> About this exercise:
Give back all of the data exactly, with every picture omitted.

> Collected material:
+++

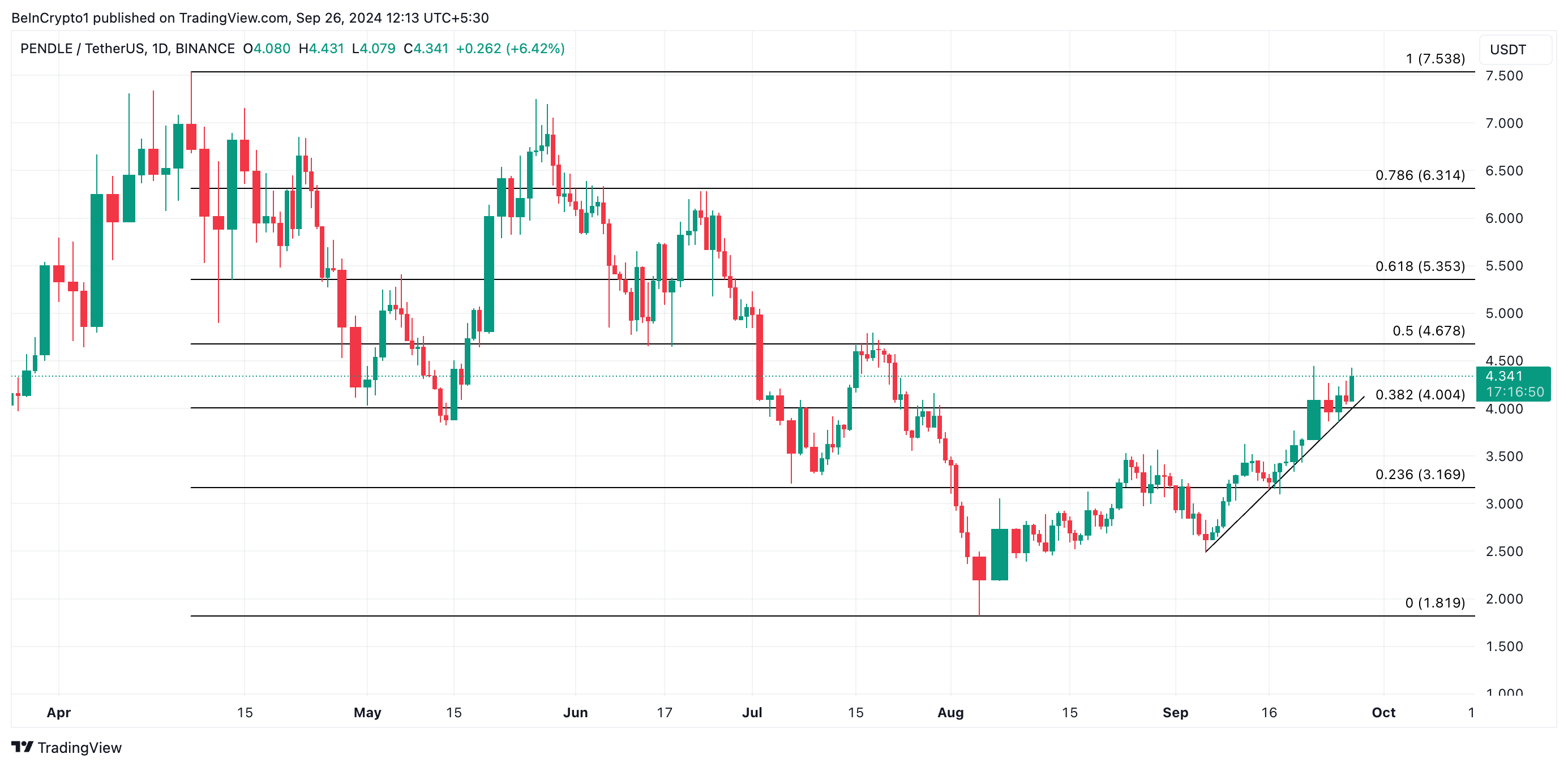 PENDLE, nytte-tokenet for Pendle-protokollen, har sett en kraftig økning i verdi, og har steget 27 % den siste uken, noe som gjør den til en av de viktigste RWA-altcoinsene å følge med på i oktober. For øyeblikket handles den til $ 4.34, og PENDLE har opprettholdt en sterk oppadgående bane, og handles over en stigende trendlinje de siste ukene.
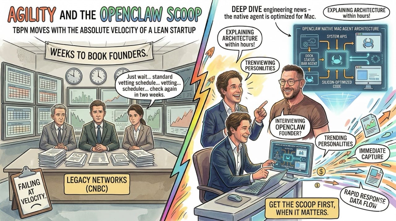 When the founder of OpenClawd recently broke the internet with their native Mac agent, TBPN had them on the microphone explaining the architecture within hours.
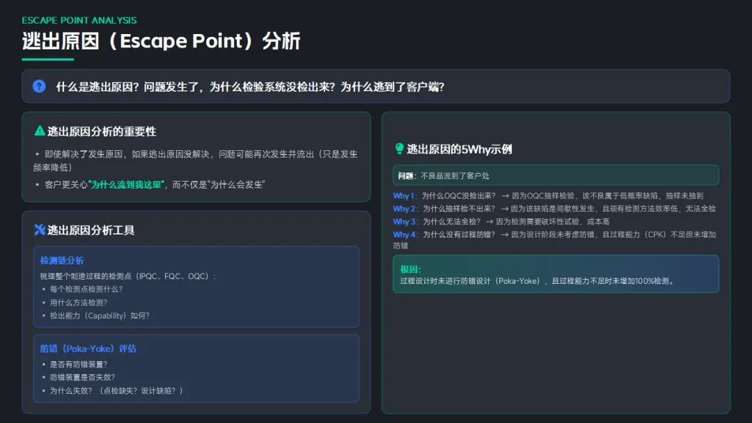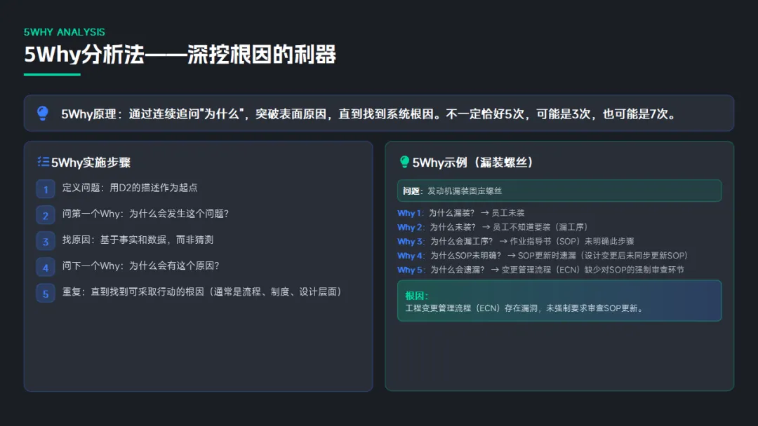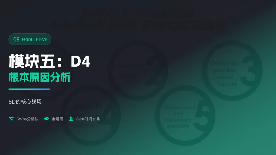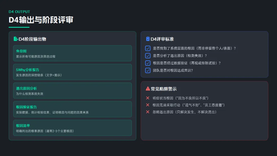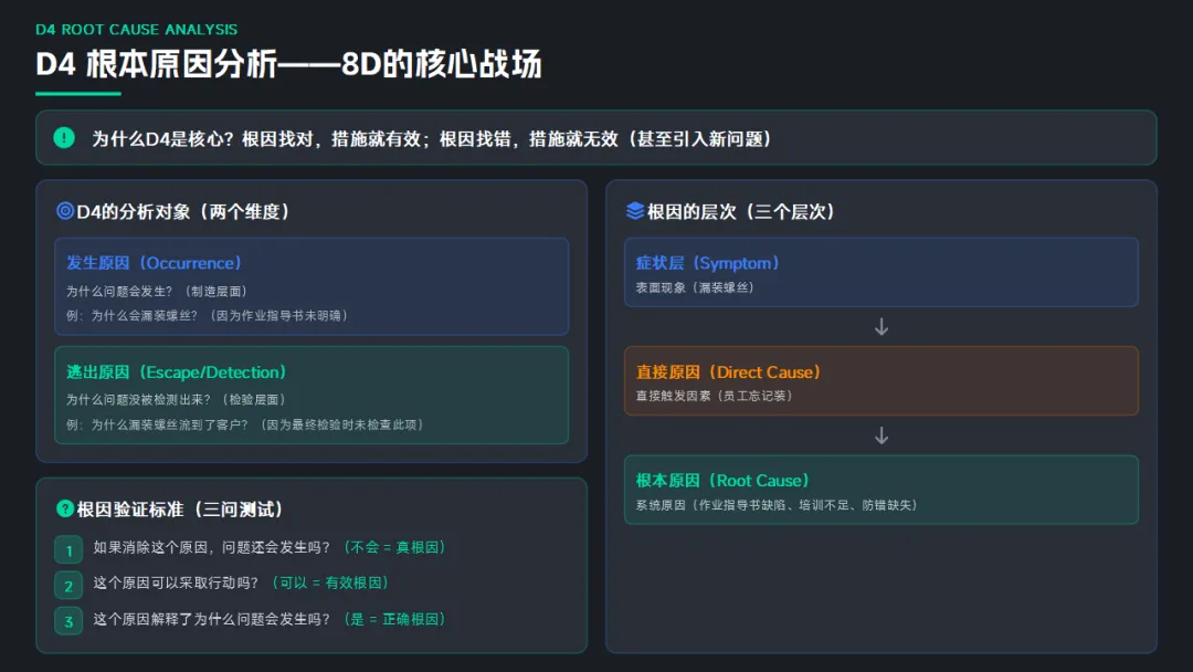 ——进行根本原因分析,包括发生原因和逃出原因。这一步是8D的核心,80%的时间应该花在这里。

+++

> Answer for the task:
 PENDLE, nytte-tokenet for Pendle-protokollen, har sett en kraftig økning i verdi, og har steget 27 % den siste uken, noe som gjør den til en av de viktigste RWA-altcoinsene å følge med på i oktober. For øyeblikket handles den til $ 4.34, og PENDLE har opprettholdt en sterk oppadgående bane, og handles over en stigende trendlinje de siste ukene.
 When the founder of OpenClawd recently broke the internet with their native Mac agent, TBPN had them on the microphone explaining the architecture within hours.
 ——进行根本原因分析,包括发生原因和逃出原因。这一步是8D的核心,80%的时间应该花在这里。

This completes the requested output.